Oral diseases are currently diagnosed by means of clinical examination and supported by surgical biopsy procedures. In particular, daily oral medicine practice is lacking the use of a routine diagnostic support to the visualization of anatomical structures located beyond the mucosal surface. Considering the growing interest in minimally invasive diagnosis, the possibility of having an imaging technique dedicated to the investigation of oral soft tissues and their alterations may be instrumental to support the clinical diagnosis. Therefore, attempts to introduce conventional ultrasonography (US) to the diagnostic work-up of pathological conditions of the head and neck have been done, exploiting the unique features of this technique in terms of limited invasiveness, repeatability, and cost efficiency.

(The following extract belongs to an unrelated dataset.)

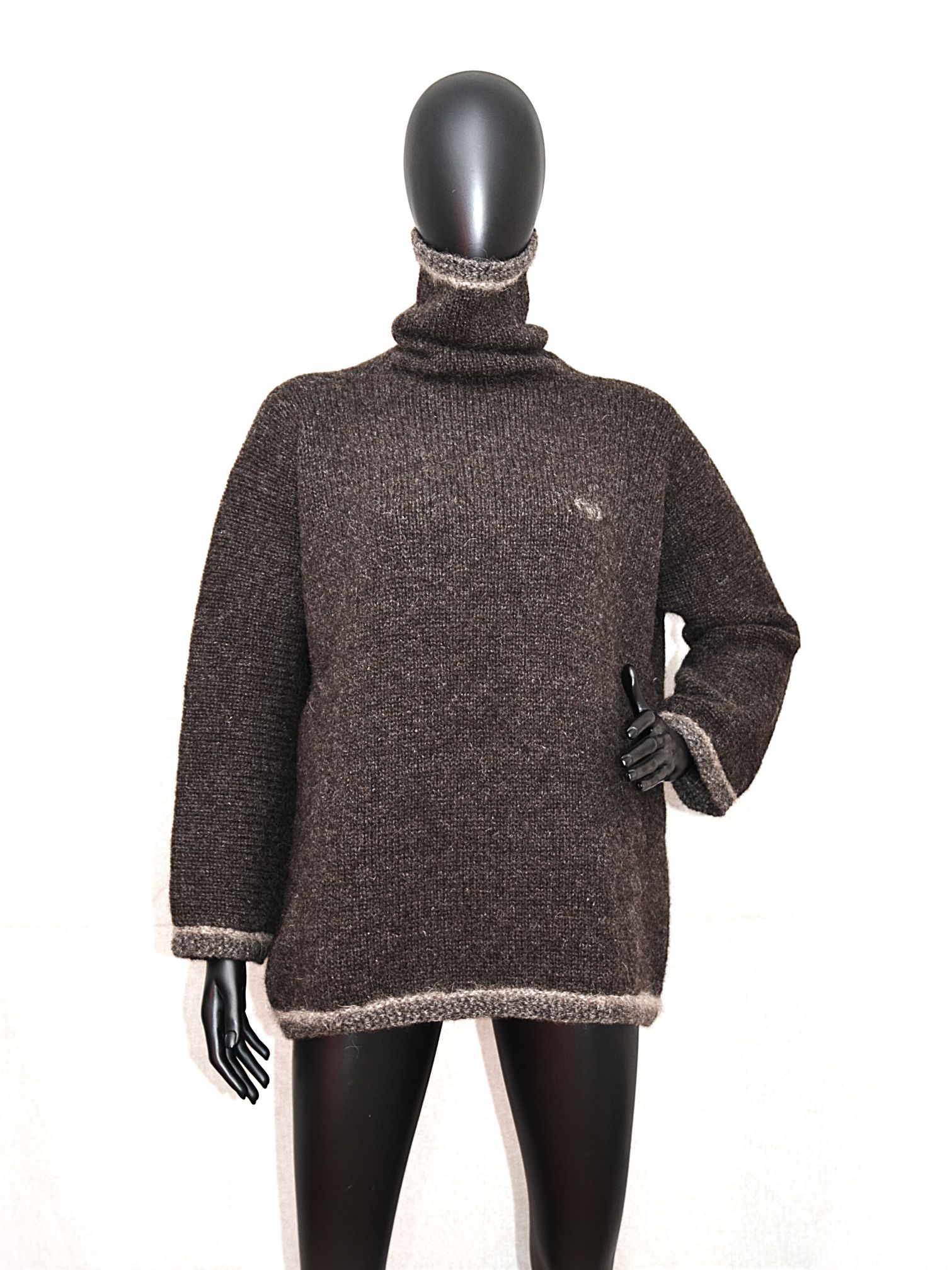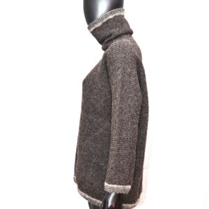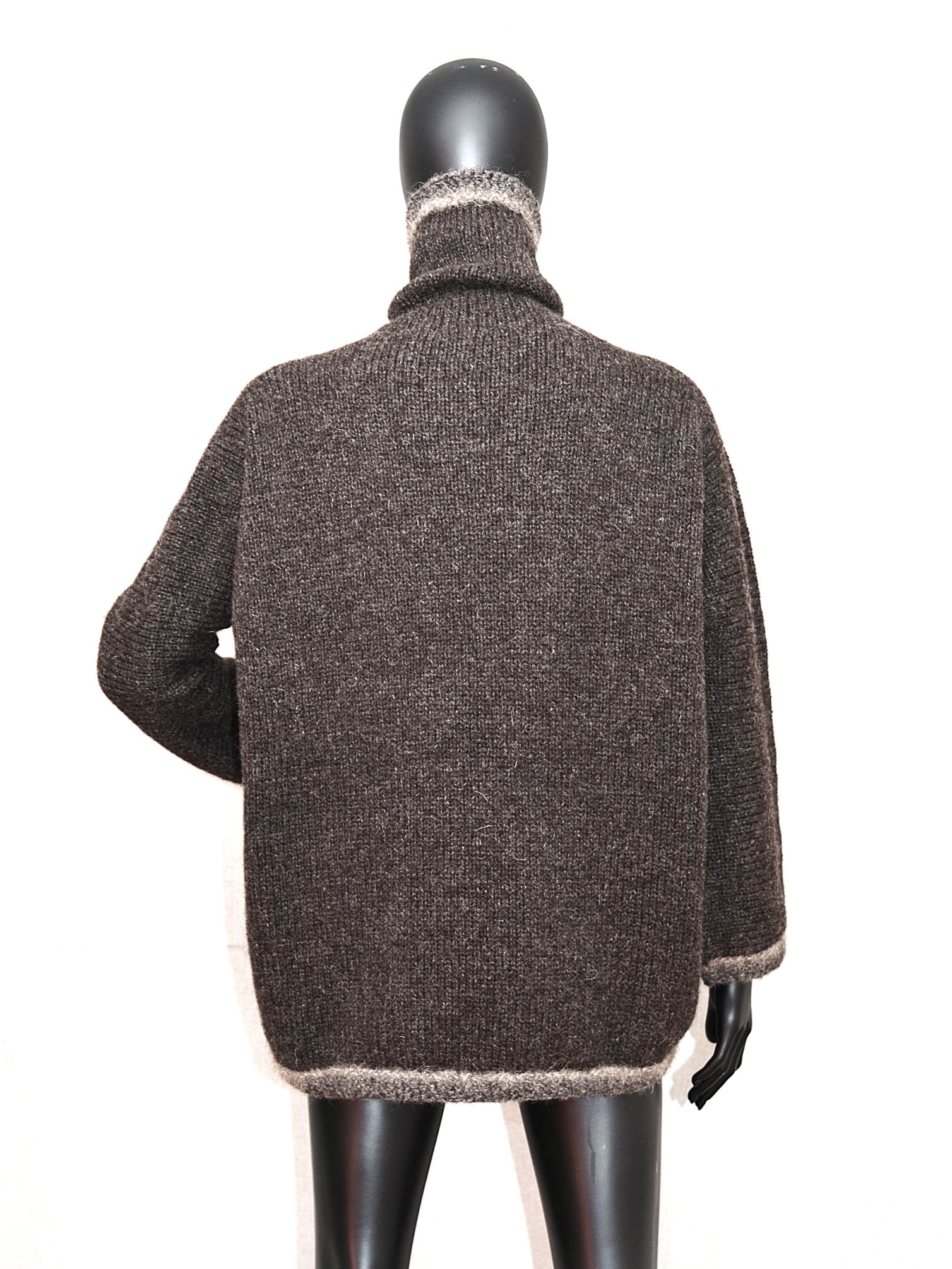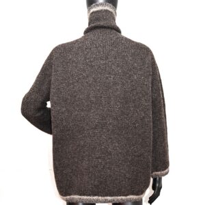 Triibuliste servadega tumepruun masinaga kootud, taskutega, väga paks kampsun.

In the literature, both extraoral and intraoral applications of US have been reported. Extraoral applications mainly focus on the characterization of oral and maxillofacial swellings of various origin, while intraoral applications mostly involve the study of malignant lesions in terms of tumor thickness and depth of invasion.1–4 Considering extraoral applications, Chandak et al1 described the US appearance of inflammatory swellings (cellulitis and abscesses), cystic swellings, benign neoplasms (hemangioma, lymphangioma, lipoma, and fibroma), and malignant neoplasms (squamous cell carcinoma, melanoma, fibrosarcoma, and carcinoma ex pleomorphic adenoma), and described each lesion according to shape, margins, echogenicity, homogeneity, presence of necrosis/calcifications, and posterior echo. Wu et al2 applied US to the study and characterization of parotid masses, in order to discriminate between benign and malignant diseases, considering also dimensions and vascularization of the mass. Yamamoto et al3 applied 12 MHz frequencies to the intraoral study of tongue carcinoma, and combined Brightness-mode (B-mode) parameters, such as the boundary line of the invasion front, with power Doppler information on vascularization. Sugawara et al4 employed both linear (12.5 MHz) and convex (6.5 MHz) probes to investigate various types of lesions prior to surgery, analyzing borders, size, location, depth, presence of a capsule, and vascularity of the mass.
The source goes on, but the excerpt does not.